Controlled high-density interface engineering of Fe3O4-FeS nanoarray for efficient hydrogen evolution

Abstract

The rational design of double active sites system is vital for constructing high-efficiency iron sulfides electrocatalysts towards hydrogen evolution reaction (HER) in alkaline media. However, it remains a challenge to controllably create the high-density interface of double sites for optimal synergistic effect. Herein, we reported a simple chemical oxidation-induced surface reconfiguration strategy to obtain the interface-rich Fe3O4-FeS nanoarray supported on iron foam (Fe3O4-FeS/IF) using FeS nanosheets as precursors. The abundant Fe3O4-FeS interfaces could improve the dispersion of active sites and facilitate the electron transfer, leading to enhanced hydrogen evolution efficiency.
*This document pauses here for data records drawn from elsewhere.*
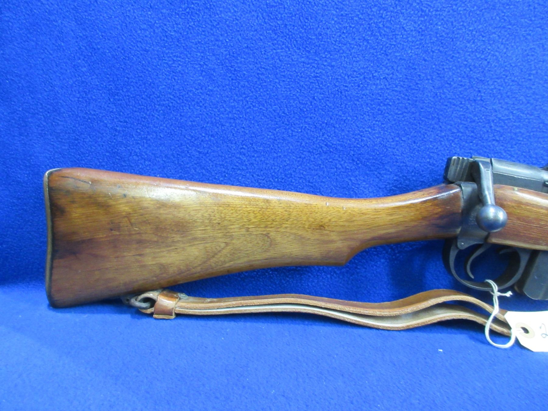 Non-Restricted - Lee Enfield No 1 Mk III in 303 Brit - This is a bolt action rifle with removable magazine, action appears to be in good to very good working order. Barrel is 25", rifling is good, bluing is good to very good, has both sights, stock and forearm are good to very good, length of pull is 13 1/4", butt plate good, comes with swivels and leather strap. Ser # 19734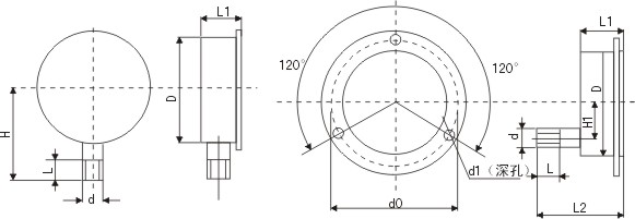 軸向帶前邊不銹鋼壓力表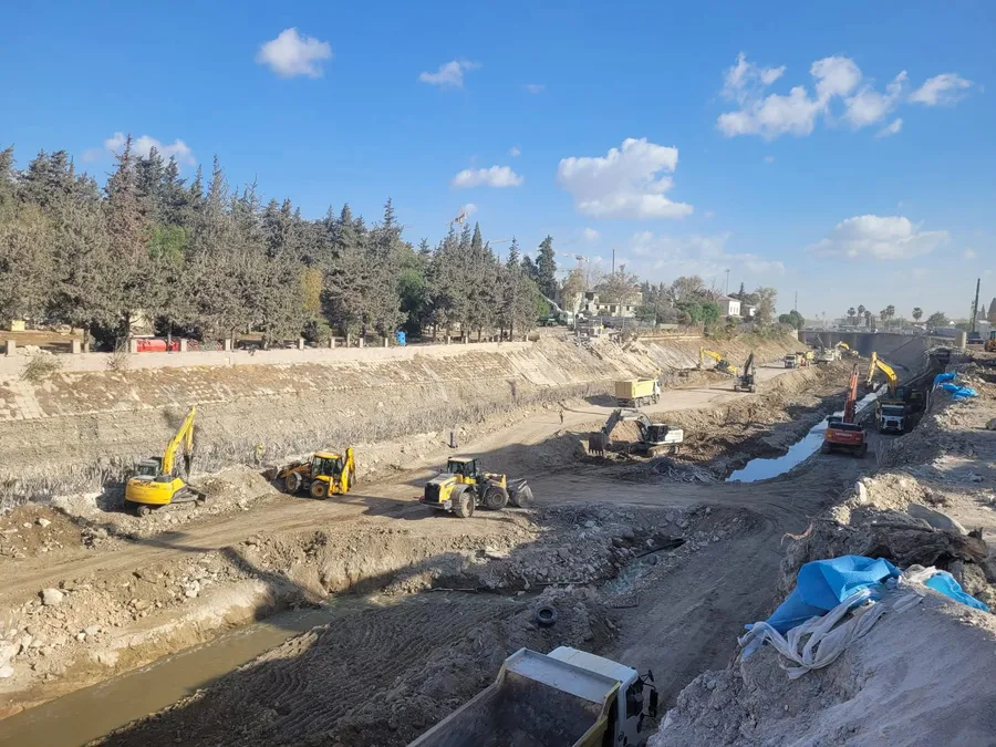 DSİ Taşkın Kontrol Dairesi Başkanı Muhammet Bahattin Avcıoğlu, Dsi 6.Bölge Müdürüm Celal Tokalak, Taşkın Kontrol Dairesi Başkan Yardımcısı Mesut Keleş, Şube Müdürü SAli Sercan Peker ve 63. (Hatay) Şube Müdürü Fatih Mıyman ile beraberlerindeki heyet, Hatay Asi Nehri Taşkın Koruma (Deprem Hasarları) işinde incelemelerde bulundu.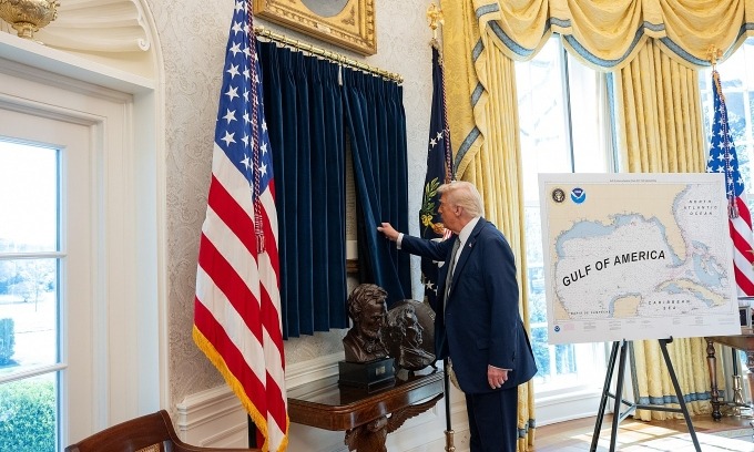 Trump's branding is unmistakable throughout the space. A large map renaming the "Gulf of Mexico" to the "Gulf of America" remains on display, and reports suggest he plans to pave over the Rose Garden to make it resemble the patio of Mar-a-Lago. Perhaps the most unconventional addition, however, is the gold-framed mugshot of Trump himself, taken in Georgia in 2023 after he was booked for allegedly attempting to interfere in the 2020 election.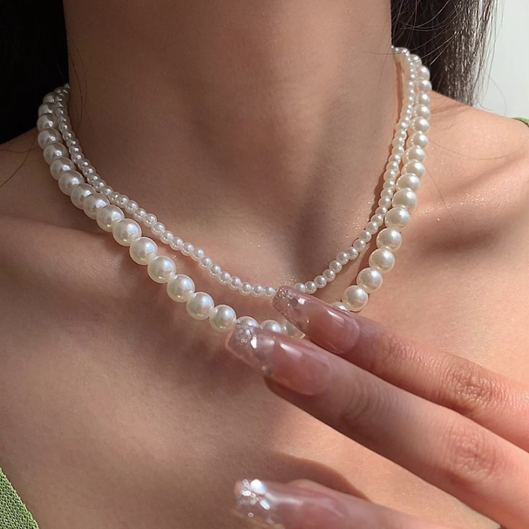 Cross-Border Large and Small Pearl Necklace Accessories Women's Niche Summer Versatile High-End Clavicle Chain 2024 New Silver Necklace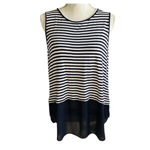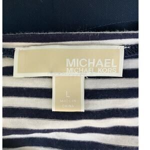 Michael Kors Navy and White Striped Sleeveless Top in size Large is a perfect blend of classic style and casual elegance. Featuring bold horizontal stripes in navy and white, this sleeveless top offers a timeless nautical-inspired look. The soft, breathable fabric and relaxed fit make it comfortable for all-day wear, while the subtle scoop neckline adds a flattering touch. Ideal for pairing with jeans, shorts, or skirts, this versatile piece is perfect for anything from a day at the beach to a casual lunch outing, effortlessly combining comfort and style.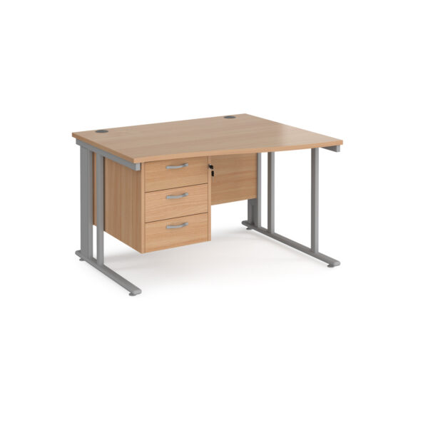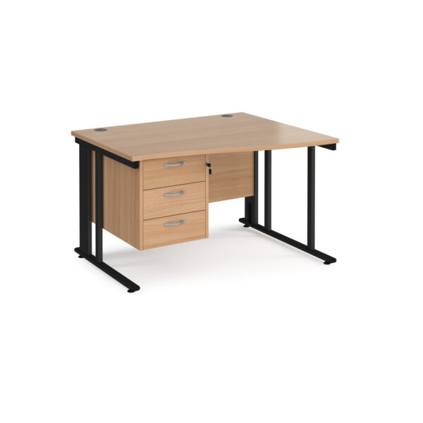 Porto 25 Cable Managed Right Hand Wave Desk with 3 Drawer Pedestal

And meanwhile, by altering the oxidation temperature, the content of S and O could be effectively controlled, further achieving the ratio optimization of Fe3O4 to FeS. Synchrotron-based X-ray absorption near-edge structure, X-ray photoelectron spectroscopy and ultraviolet photoemission spectroscopy consistently confirm the changes of electronic structure and d-band center of Fe3O4-FeS after chemical oxidation. Consequently, Fe3O4-FeS/IF exhibits excellent alkaline HER activity with a low overpotential of 120.8 mV to reach 20 mA cm−2, and remains stable ranging from 10, 20 to 50 mA cm−2 for each 20 h, respectively. Therefore, the facile and controllable chemical oxidation may be an effective strategy for designing high-density interfaces of transition metal-based sulfides towards alkaline HER.